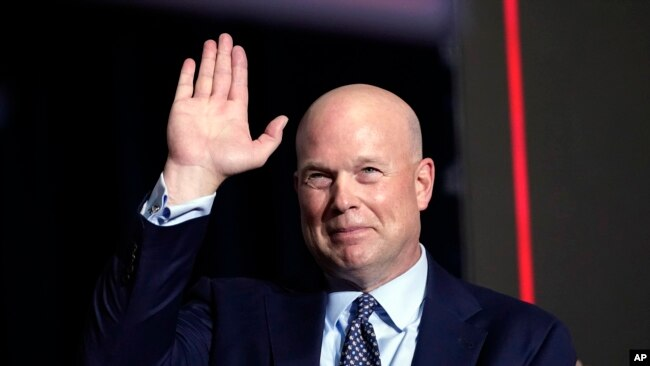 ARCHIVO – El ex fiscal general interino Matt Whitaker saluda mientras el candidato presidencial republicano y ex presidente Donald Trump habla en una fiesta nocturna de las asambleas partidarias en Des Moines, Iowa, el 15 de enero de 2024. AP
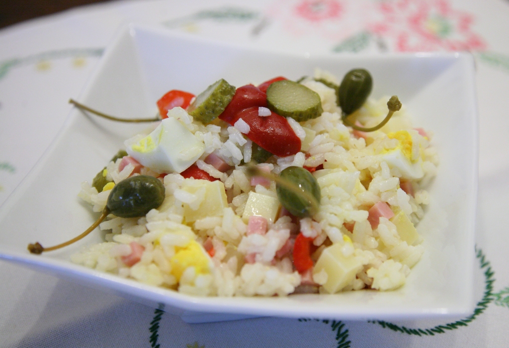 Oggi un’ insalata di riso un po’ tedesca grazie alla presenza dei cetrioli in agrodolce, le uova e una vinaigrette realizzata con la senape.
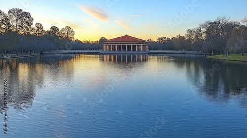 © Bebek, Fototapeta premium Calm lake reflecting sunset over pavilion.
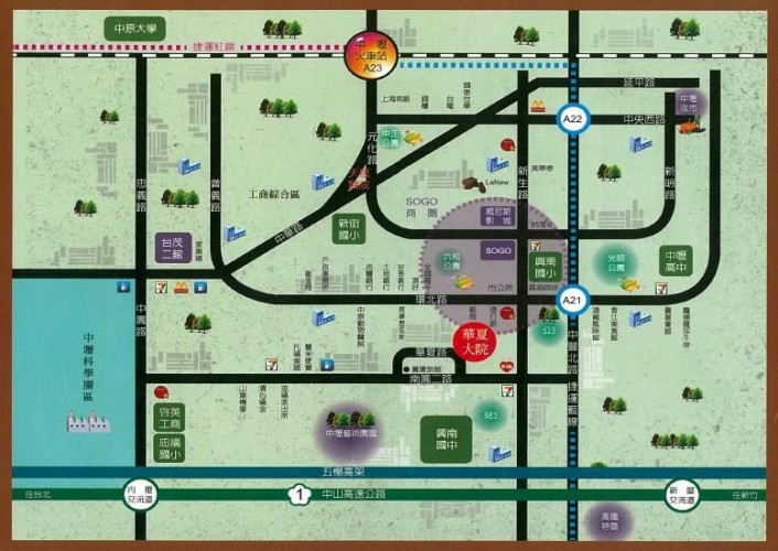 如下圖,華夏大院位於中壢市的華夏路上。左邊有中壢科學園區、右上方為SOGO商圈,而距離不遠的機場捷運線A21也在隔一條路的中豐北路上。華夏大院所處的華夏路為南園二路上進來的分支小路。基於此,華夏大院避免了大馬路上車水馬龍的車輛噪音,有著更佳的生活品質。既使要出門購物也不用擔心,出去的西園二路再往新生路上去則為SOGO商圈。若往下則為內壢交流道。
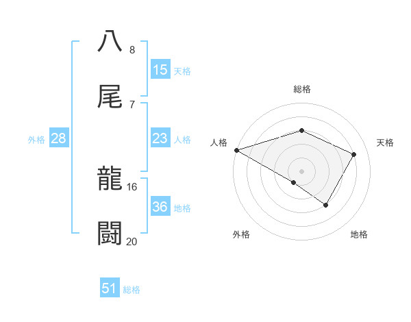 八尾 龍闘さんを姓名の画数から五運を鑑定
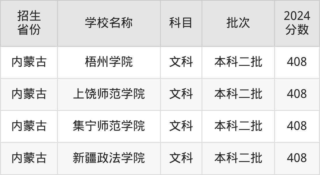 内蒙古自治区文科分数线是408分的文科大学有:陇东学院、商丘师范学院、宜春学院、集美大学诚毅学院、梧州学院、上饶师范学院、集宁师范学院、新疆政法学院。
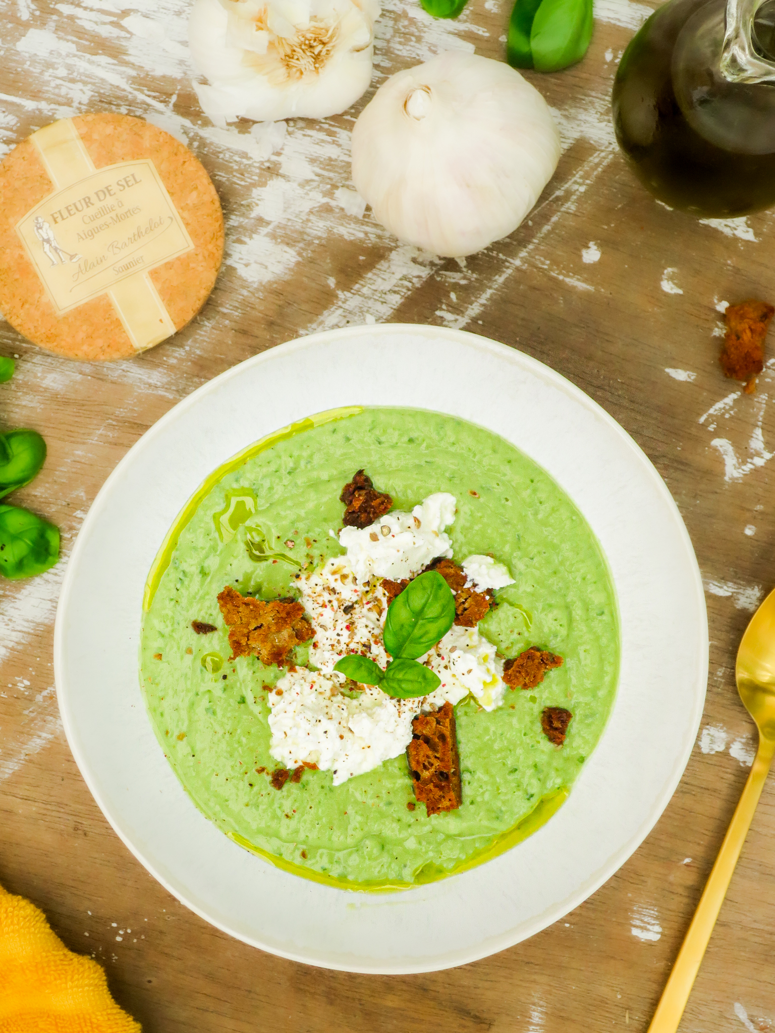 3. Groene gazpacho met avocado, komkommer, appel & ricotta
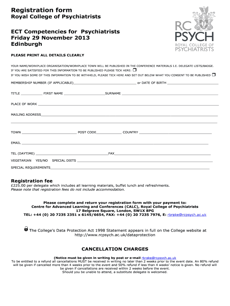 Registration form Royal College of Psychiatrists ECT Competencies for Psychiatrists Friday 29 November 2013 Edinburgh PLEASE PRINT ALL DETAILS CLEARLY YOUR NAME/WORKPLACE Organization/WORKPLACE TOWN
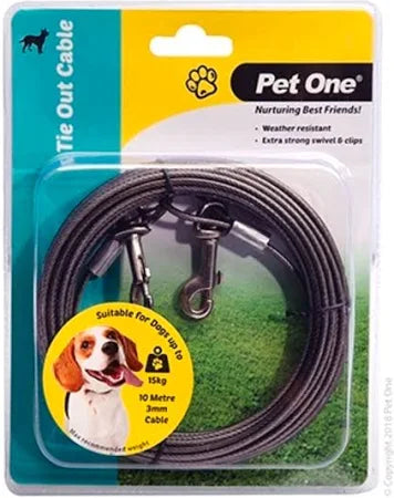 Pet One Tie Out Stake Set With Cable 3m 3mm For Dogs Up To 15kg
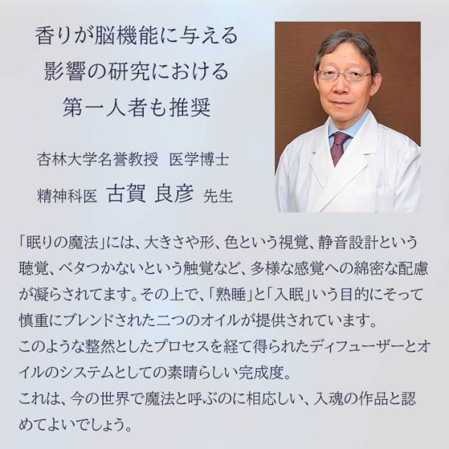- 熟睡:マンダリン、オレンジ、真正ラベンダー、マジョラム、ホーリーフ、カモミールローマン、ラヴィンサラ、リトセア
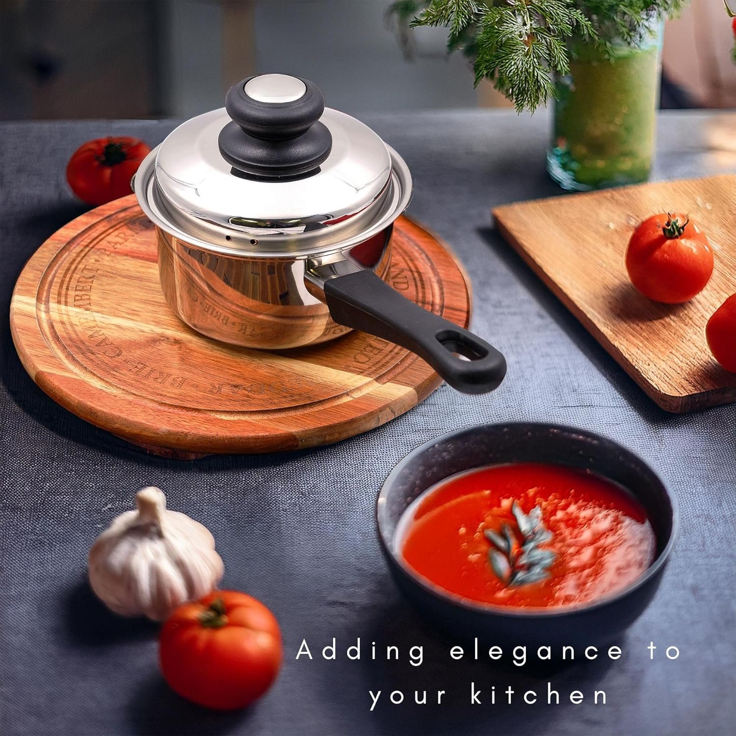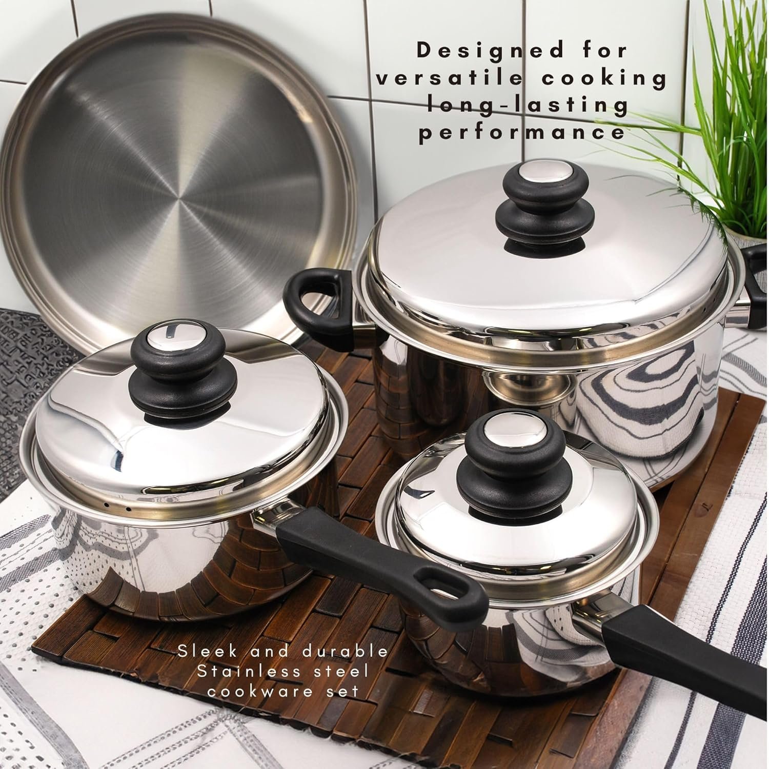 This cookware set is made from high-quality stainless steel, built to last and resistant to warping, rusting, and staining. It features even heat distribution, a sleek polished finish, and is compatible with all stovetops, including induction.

◇ ◇ ◇ ◇

What you have to do:
Give back, exactly and without pictures, the stretch of the records above from the line containing "内蒙古自治区文科分数线是40" through the line containing "Registration form Royal", with both end lines included.

Task answer:
 内蒙古自治区文科分数线是408分的文科大学有:陇东学院、商丘师范学院、宜春学院、集美大学诚毅学院、梧州学院、上饶师范学院、集宁师范学院、新疆政法学院。
 3. Groene gazpacho met avocado, komkommer, appel & ricotta
 Registration form Royal College of Psychiatrists ECT Competencies for Psychiatrists Friday 29 November 2013 Edinburgh PLEASE PRINT ALL DETAILS CLEARLY YOUR NAME/WORKPLACE Organization/WORKPLACE TOWN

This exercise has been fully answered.